Newly unsealed indictment charges Ukrainian national with international cybercrime operation

Odessa American, Texas
·2 min read

Oct. 25—AUSTIN — The Department of Justice announced on Tuesday that a newly unsealed federal grand jury indictment charges Mark Sokolovsky, 26, a Ukrainian national, for his alleged role in an international cybercrime operation known as Raccoon Infostealer, which infected millions of computers around the world with malware.

According to court documents, Sokolovsky, who is currently being held in the Netherlands pursuant to an extradition request by the United States, conspired to operate the Raccoon Infostealer as a malware-as-a-service or "MaaS." Individuals who deployed Raccoon Infostealer to steal data from victims leased access to the malware for approximately $200 per month, paid for by cryptocurrency.

These individuals used various ruses, such as email phishing, to install the malware onto the computers of unsuspecting victims. Raccoon Infostealer then stole personal data from victim computers, including log-in credentials, financial information, and other personal records. Stolen information was used to commit financial crimes or was sold to others on cybercrime forums.

In March 2022, concurrent with Sokolovsky's arrest by Dutch authorities, the FBI and law enforcement partners in Italy and the Netherlands dismantled the digital infrastructure supporting the Raccoon Infostealer, taking its then existing version offline.

Through various investigative steps, the FBI has collected data stolen from many computers that cyber criminals infected with Raccoon Infostealer.
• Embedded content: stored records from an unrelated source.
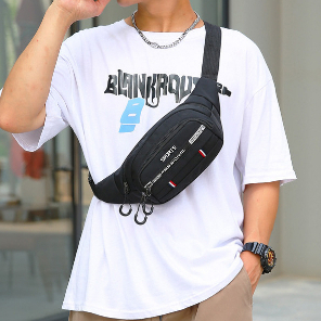 (B132#)กระเป๋าคาดอกคาดเอวแต่งซิปสวยงาม ผ้ากันน้ำ มีซับระบายอากาศ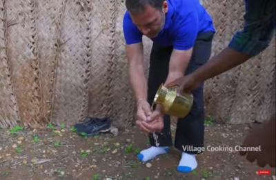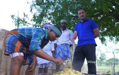 केळीच्या पानावर व्हिलेज कुकींग युट्यूब चॅनेलच्या टीमसोबत मस्त बिर्याणीही खाल्ली, यावेळी चवीचेही कौतुक केलं.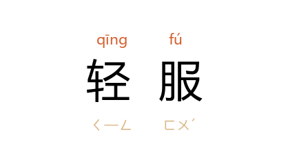 《三国演义》第五九回:“韩遂 即出阵,见 操 并无甲仗,亦弃衣甲,轻服匹马而出。”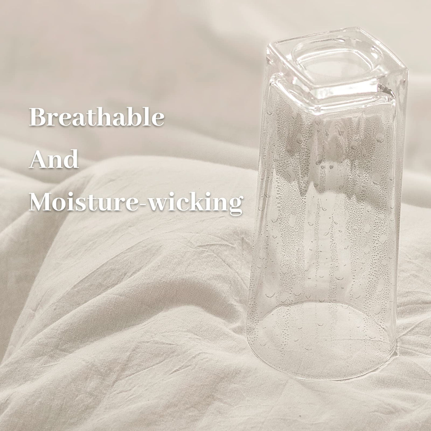 Nexhome Pro Duvet Cover Set Super King 108'X98' Linen Feel Textured Cream Grey Organic Natural 100% Washed Cotton 3 Pieces Bedding Set With Zipper Closure, Breathable, Soft (No Comforter)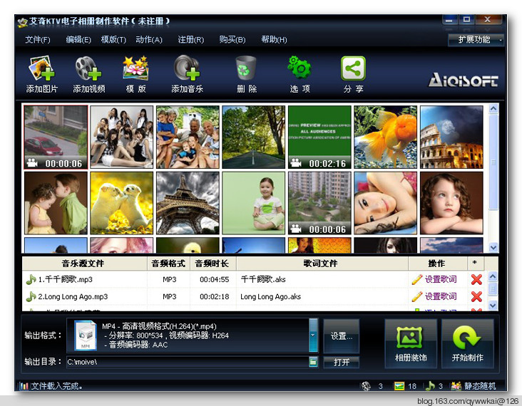 六、艾奇視頻電子相冊(cè)制作軟件操作只需3步,新手菜鳥(niǎo)也會(huì)用1- 添加圖片;2-添加音樂(lè);3-開(kāi)始制作。操作流程就是這樣的簡(jiǎn)單,引導(dǎo)式界面各種功能設(shè)置清晰明白,一看就會(huì)用。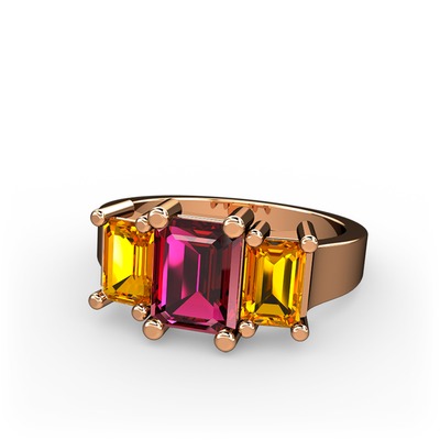 Rodolit garnet ve sitrin 14 ayar rose altın yüzük
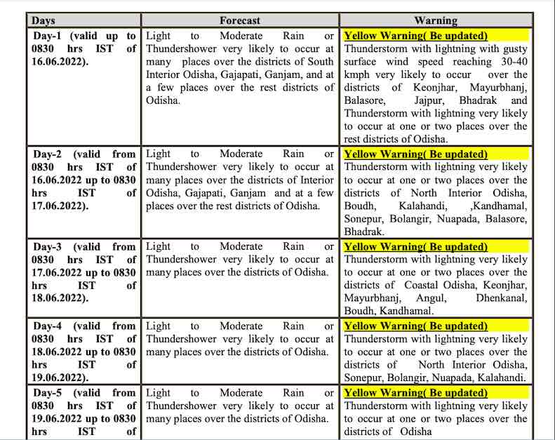 While several places in Odisha are likely to experience light to moderate rain during the next few days, the IMD has also issued yellow warning for thunderstorm with lightning till 8.30 am on June 19.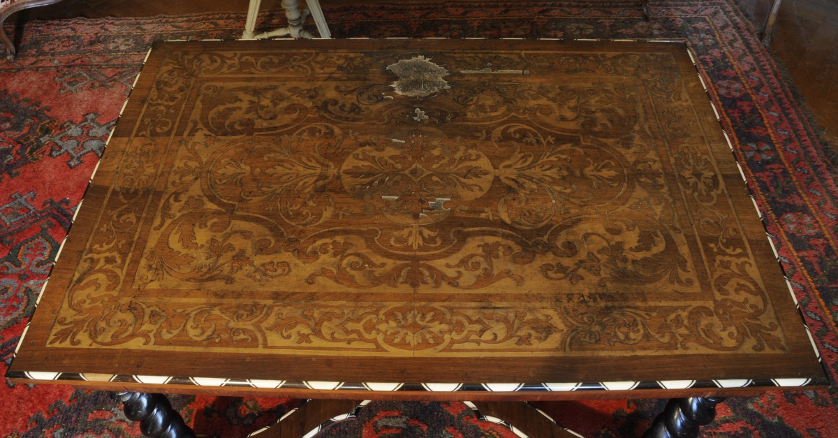 TABLE de milieu en noyer et placage de noyer, en bois noirci; le plateau est marqueté de rinceaux feuillagés dans des encadrements, et bordé d'une frise marquetée d'ivoire et de bois. Pieds en bois noirci réunis par une entretoise en X. Elle ouvre à un tiroir en ceinture.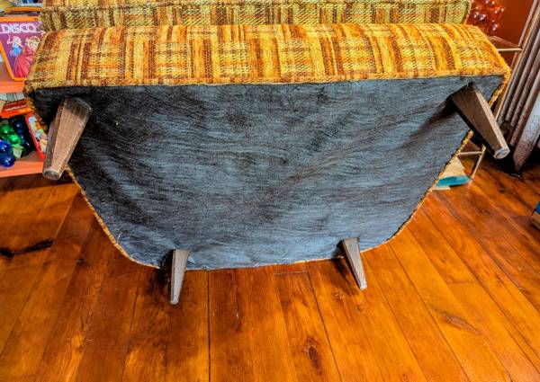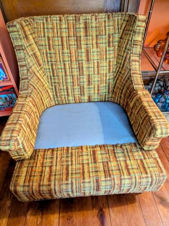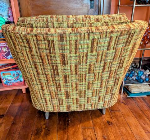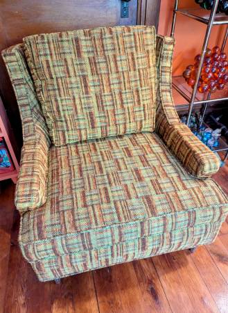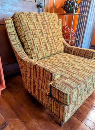 Retro vintage fabric upholstery plaid chair from our clean and smoke-free home. Chair is in overall excellent condition. Colors are primarily gold with rust, green and orange accents. Perfect for any decor, but especially nice in a funky, chic 60's, 70's vibe room. Check out the period legs and it even has the original arm covers. The cushions are removable for easy clean-up.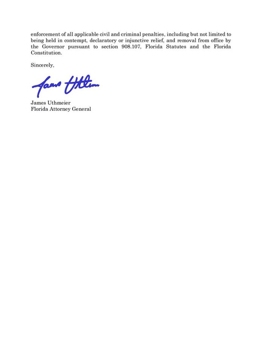 En su carta, Uthmeier declaró que "las políticas santuario no son toleradas ni legales en Florida" y advirtió que la negativa a colaborar podría resultar en la destitución de los funcionarios implicados. Asimismo, mencionó posibles sanciones civiles y penales.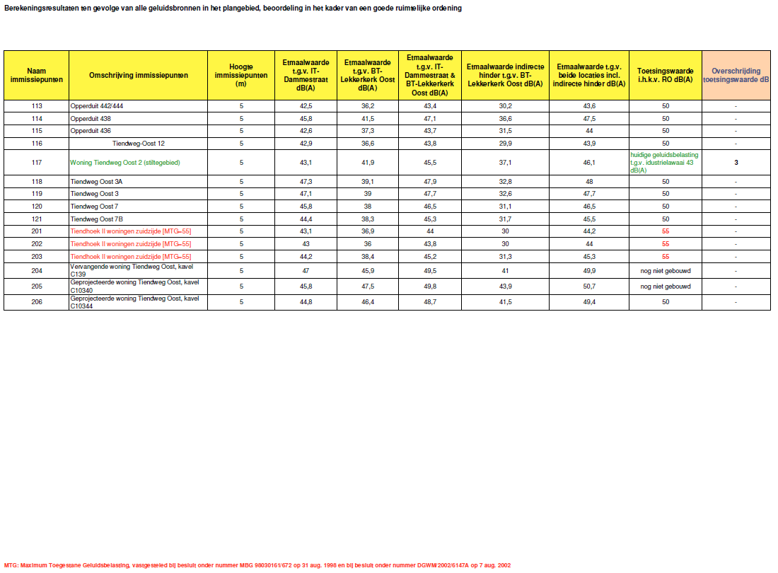 Voor een deel van de bestaande woningen, gelegen aan de Wilhelminastraat, die in de geluidszone van het industrieterrein Dammestraat zijn gelegen zijn bij besluit van 31 augustus 1998, onder MBG 98030161/672, de maximum toegestane geluidsbelastingen (MTG’s) vastgesteld van 55 dB(A). Tevens is bij besluit van 7 augustus 2002, onder nummer DGWM/2002/6147A voor 45 woningen (nieuwbouwlocatie Tiendhoek II te Lekkerkerk) hogere grenswaarden vastgesteld van 55 dB(A). Teneinde hinder te voorkomen en om de vastgestelde MTG’s en de hogere grenswaarden te bewaken, wordt daarom voor de normstelling ter plaatse van deze woningen uitgegaan van de gecumuleerde geluidsbelasting van 55 dB(A) etmaalwaarde als gevolg van het bedrijventerrein Lekkerkerk Oost en het industrieterrein Dammestraat. Ter plaatse van de overige woningen in het gebied wordt gestreefd naar een cumulatieve geluidsbelasting van 50 dB(A) etmaalwaarde. Omdat met deze norm wordt aangesloten bij de voorkeursgrenswaarde zoals die voor industrielawaai in de Wet geluidhinder is opgenomen. Op deze manier zal het bestaande geluidsniveau bij de omliggende woningen niet verhoogd worden.
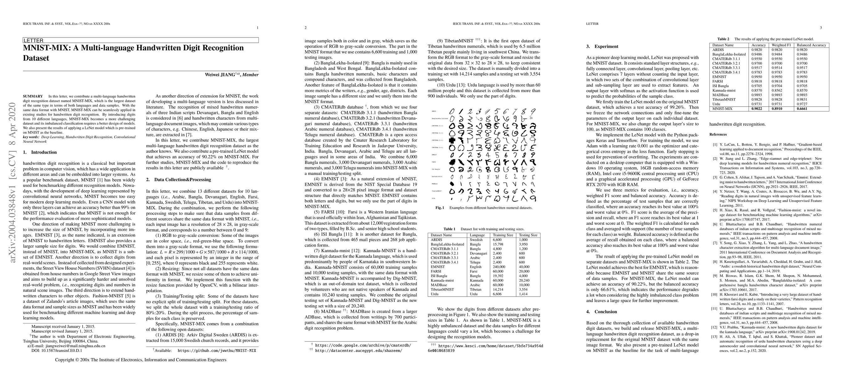 The MNIST-MIX dataset introduces handwritten digits from 10 different languages, expanding the scope of multi-language recognition studies. A pre-trained LeNet model on MNIST serves as a baseline for performance evaluation on this more challenging and imbalanced dataset.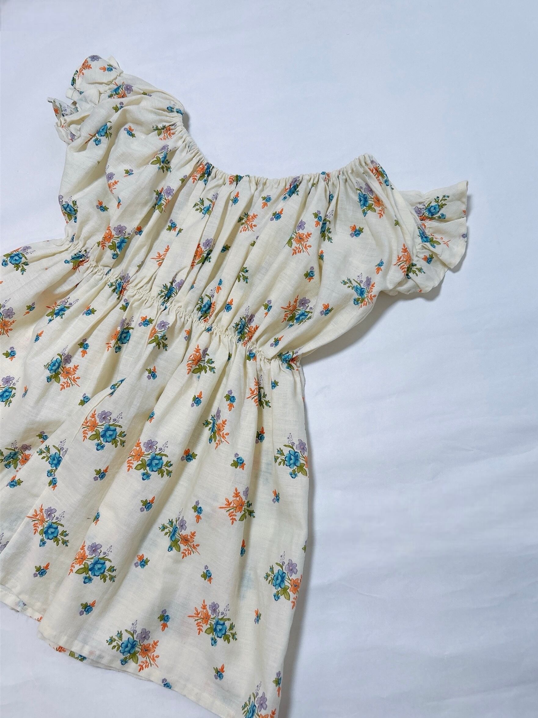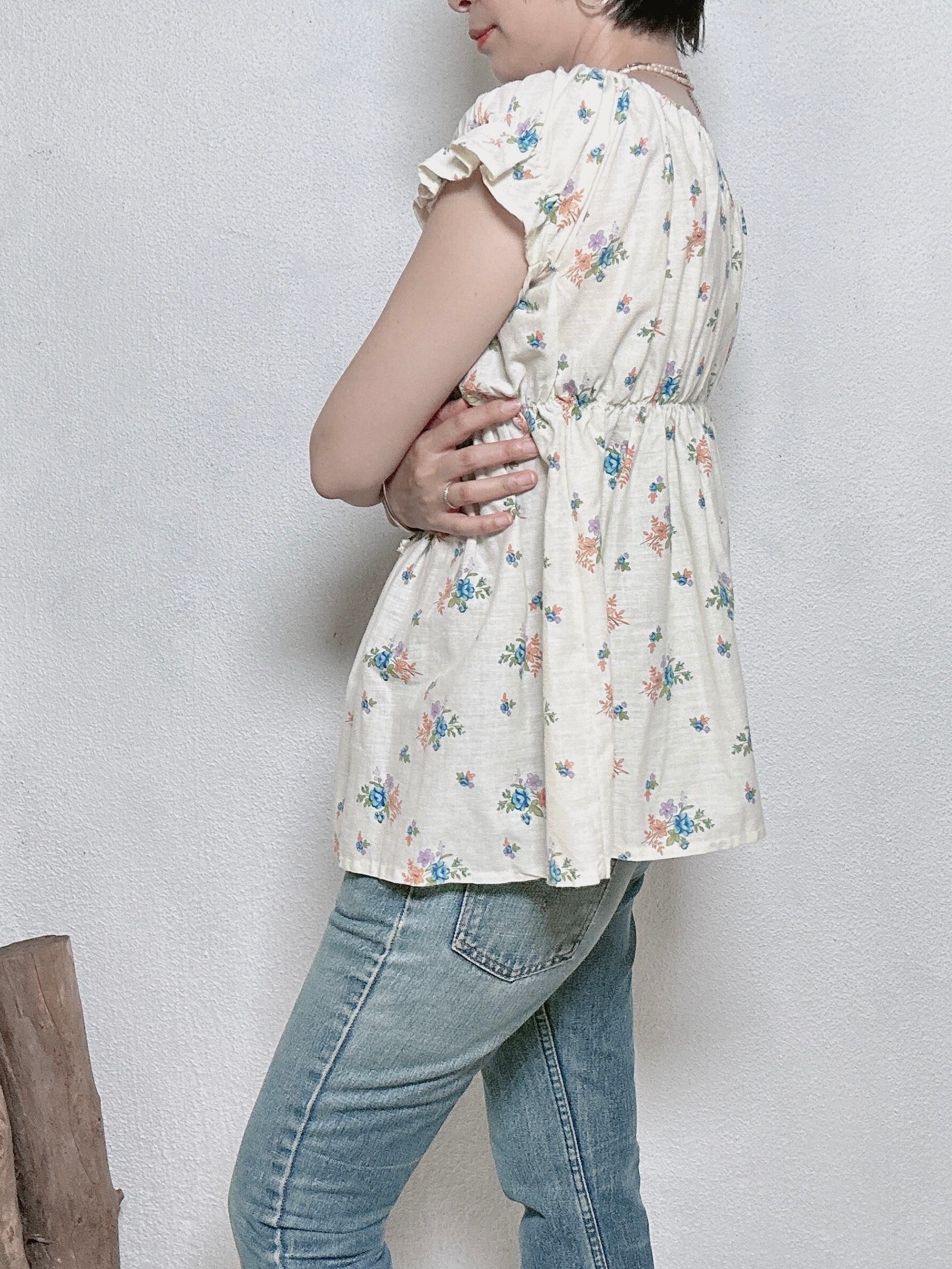 ナチュラルな花柄がかわいいヴィンテージのペザントトップス。肩を出してオフショルダーにしても、フリル袖で着てもOKな2WAY仕様で、その日の気分やスタイリングに合わせて楽しめます♪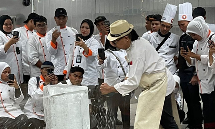 Soon, the ice-carving demonstration by UOW Malaysia’s Executive Chef Hamir became the highlight of the visit as he transformed a block of ice into a piece of art, leaving the audience in awe of his mastery.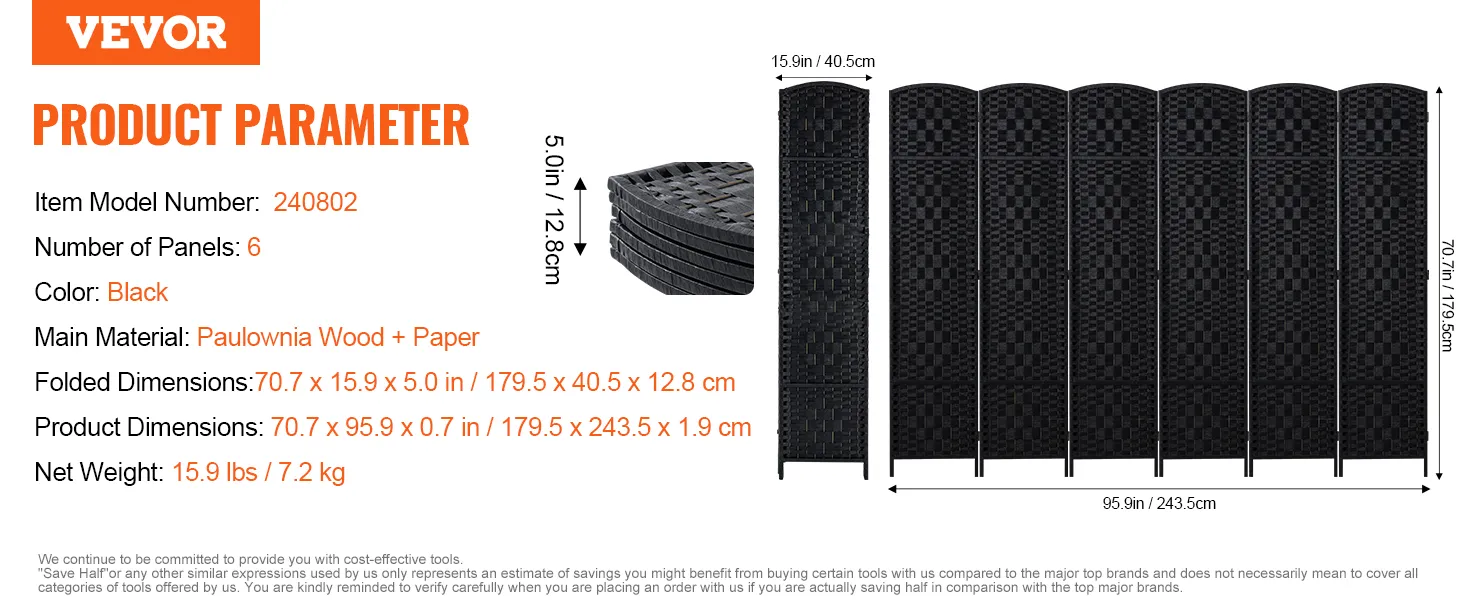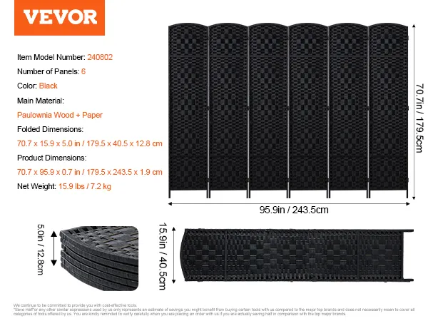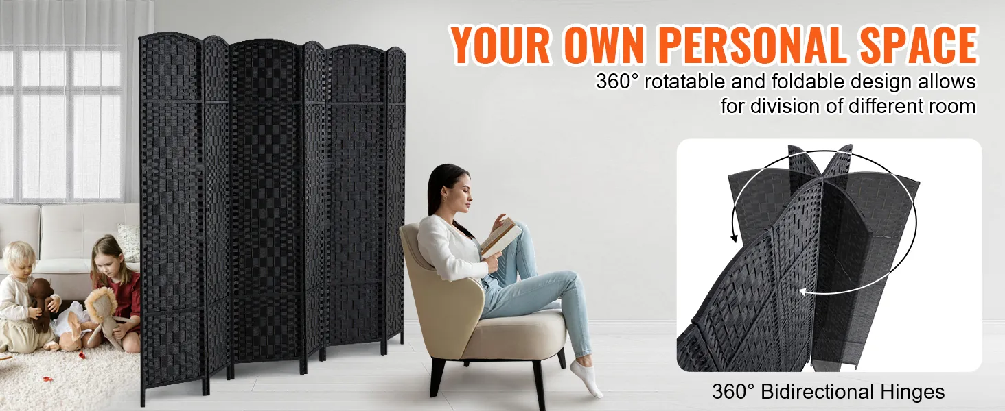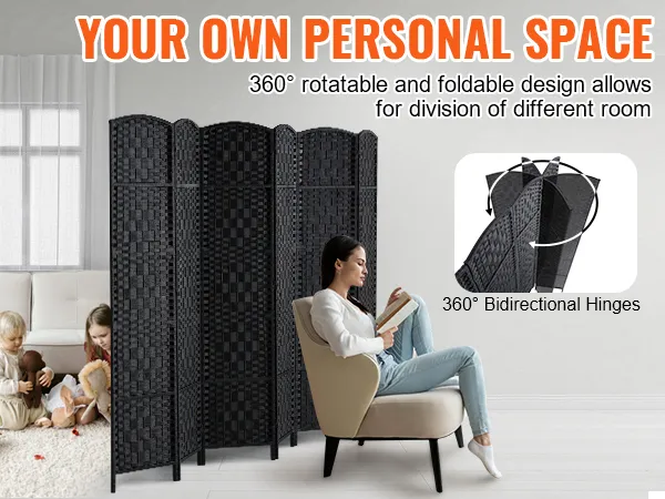 VEVOR 6 Panel Room Divider, Hand-Woven Folding Privacy Screens with Hinges, Portable and Freestanding Partition Room Dividers and Wall Divider for Room Separation, Black

While an exact number has yet to be verified, FBI agents have identified more than 50 million unique credentials and forms of identification (email addresses, bank accounts, cryptocurrency addresses, credit card numbers, etc.) in the stolen data from what appears to be millions of potential victims around the world. The credentials appear to include over four million email addresses.

The United States does not believe it is in possession of all the data stolen by Raccoon Infostealer and continues to investigate. The FBI has created a website where anyone can input their email address to determine whether it is contained within the U.S. government's repository of Raccoon Infostealer stolen data. The website is raccoon.ic3.gov. If the email address is within the data, the FBI will send an email to that address notifying the user.

Potential victims are encouraged to fill out a detailed complaint and share any financial or other harm experienced from their information being stolen at FBI's Internet Crime Complaint Center (IC3) at ic3.gov/Home/FileComplaint.

"This case highlights the importance of the international cooperation that the Department of Justice and our partners use to dismantle modern cyber threats," Deputy Attorney General Lisa O. Monaco stated in the press release. "As reflected in the number of potential victims and global breadth of this attack, cyber threats do not respect borders, which makes international cooperation all the more critical. I urge anyone who thinks they could be a victim to follow the FBI's guidance on how to report your potential exposure."